To do — What you return must be the lines from the first one below through the one containing "A romantic garden", exactly and with pictures excluded.
*** Data to use ***
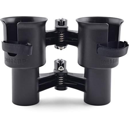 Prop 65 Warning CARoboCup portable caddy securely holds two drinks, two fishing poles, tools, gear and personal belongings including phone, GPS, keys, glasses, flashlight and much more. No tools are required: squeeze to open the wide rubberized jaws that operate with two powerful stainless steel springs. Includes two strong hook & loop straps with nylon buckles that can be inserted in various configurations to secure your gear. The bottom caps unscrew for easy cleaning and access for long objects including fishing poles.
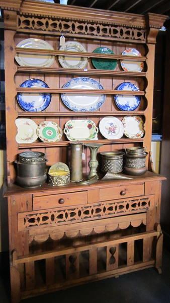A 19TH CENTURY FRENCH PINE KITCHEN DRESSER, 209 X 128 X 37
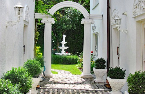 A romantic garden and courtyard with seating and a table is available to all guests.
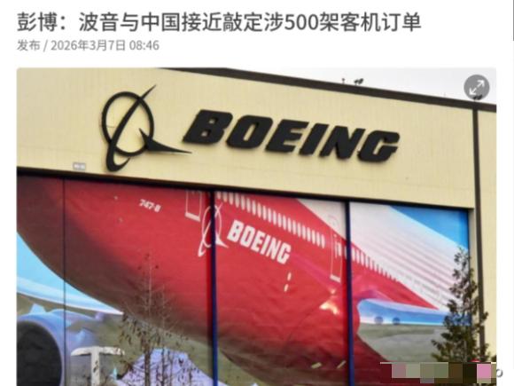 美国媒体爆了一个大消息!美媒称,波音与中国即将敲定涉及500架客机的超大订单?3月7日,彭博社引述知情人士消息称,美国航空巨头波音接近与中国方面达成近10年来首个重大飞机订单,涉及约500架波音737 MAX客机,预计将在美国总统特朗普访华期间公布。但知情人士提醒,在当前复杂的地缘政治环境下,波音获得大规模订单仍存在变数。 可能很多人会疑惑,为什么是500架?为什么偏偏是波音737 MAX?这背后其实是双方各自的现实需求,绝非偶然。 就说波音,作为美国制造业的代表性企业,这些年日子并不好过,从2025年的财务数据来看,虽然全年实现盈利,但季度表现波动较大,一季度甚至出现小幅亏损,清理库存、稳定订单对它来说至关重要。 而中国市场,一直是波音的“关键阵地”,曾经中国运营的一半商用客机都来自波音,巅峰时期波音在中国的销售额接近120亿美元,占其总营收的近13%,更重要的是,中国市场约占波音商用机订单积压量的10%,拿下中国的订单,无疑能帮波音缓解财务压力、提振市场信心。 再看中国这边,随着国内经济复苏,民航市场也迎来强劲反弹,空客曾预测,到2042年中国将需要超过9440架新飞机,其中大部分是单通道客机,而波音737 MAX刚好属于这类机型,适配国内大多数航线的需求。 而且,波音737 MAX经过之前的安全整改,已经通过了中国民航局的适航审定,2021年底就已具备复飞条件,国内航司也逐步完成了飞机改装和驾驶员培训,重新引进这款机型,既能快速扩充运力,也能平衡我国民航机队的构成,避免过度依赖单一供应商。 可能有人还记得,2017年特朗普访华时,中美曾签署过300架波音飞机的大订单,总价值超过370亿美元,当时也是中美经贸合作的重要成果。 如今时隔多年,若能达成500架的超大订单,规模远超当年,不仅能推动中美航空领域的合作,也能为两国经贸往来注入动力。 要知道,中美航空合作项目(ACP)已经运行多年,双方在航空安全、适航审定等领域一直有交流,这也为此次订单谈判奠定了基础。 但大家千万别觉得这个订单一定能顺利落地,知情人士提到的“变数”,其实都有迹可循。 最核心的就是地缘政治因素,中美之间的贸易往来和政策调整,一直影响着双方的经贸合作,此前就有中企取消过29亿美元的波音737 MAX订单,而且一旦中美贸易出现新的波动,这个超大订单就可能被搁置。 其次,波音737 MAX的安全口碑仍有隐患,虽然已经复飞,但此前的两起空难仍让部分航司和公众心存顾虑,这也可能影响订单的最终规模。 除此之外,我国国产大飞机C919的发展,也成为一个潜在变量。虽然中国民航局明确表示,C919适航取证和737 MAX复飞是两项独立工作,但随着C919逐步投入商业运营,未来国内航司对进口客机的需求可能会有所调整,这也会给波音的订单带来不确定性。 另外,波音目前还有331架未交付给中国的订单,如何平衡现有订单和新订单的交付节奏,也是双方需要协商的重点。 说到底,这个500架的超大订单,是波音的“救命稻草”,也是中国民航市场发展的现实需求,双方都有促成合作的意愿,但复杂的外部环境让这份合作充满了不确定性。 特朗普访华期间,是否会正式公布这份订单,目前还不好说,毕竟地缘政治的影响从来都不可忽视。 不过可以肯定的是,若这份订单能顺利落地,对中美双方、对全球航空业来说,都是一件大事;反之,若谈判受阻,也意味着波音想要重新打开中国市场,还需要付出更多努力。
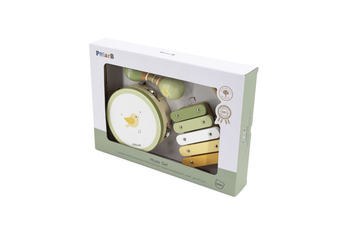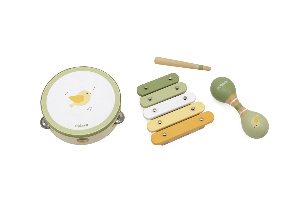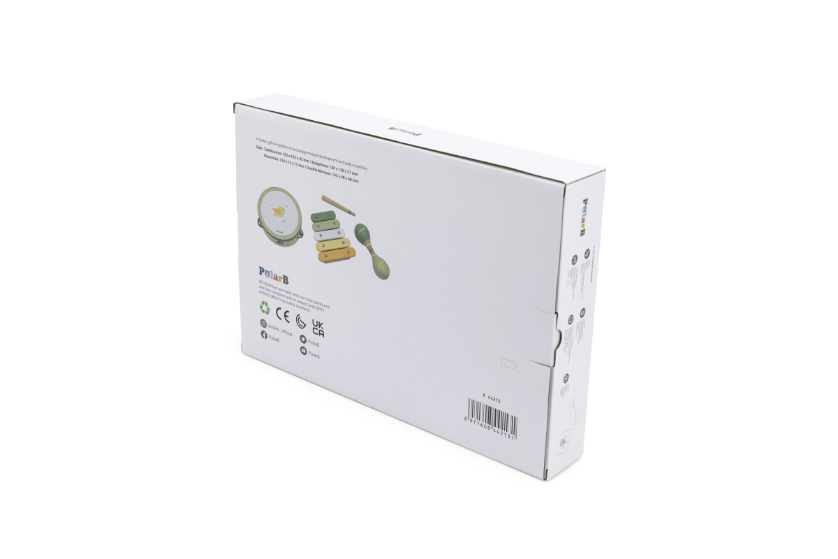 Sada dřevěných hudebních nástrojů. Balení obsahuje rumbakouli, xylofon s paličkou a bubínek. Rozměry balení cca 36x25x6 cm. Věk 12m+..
*** End of Data to use ***
Solution to this exercise —
 Prop 65 Warning CARoboCup portable caddy securely holds two drinks, two fishing poles, tools, gear and personal belongings including phone, GPS, keys, glasses, flashlight and much more. No tools are required: squeeze to open the wide rubberized jaws that operate with two powerful stainless steel springs. Includes two strong hook & loop straps with nylon buckles that can be inserted in various configurations to secure your gear. The bottom caps unscrew for easy cleaning and access for long objects including fishing poles.
A 19TH CENTURY FRENCH PINE KITCHEN DRESSER, 209 X 128 X 37
 A romantic garden and courtyard with seating and a table is available to all guests.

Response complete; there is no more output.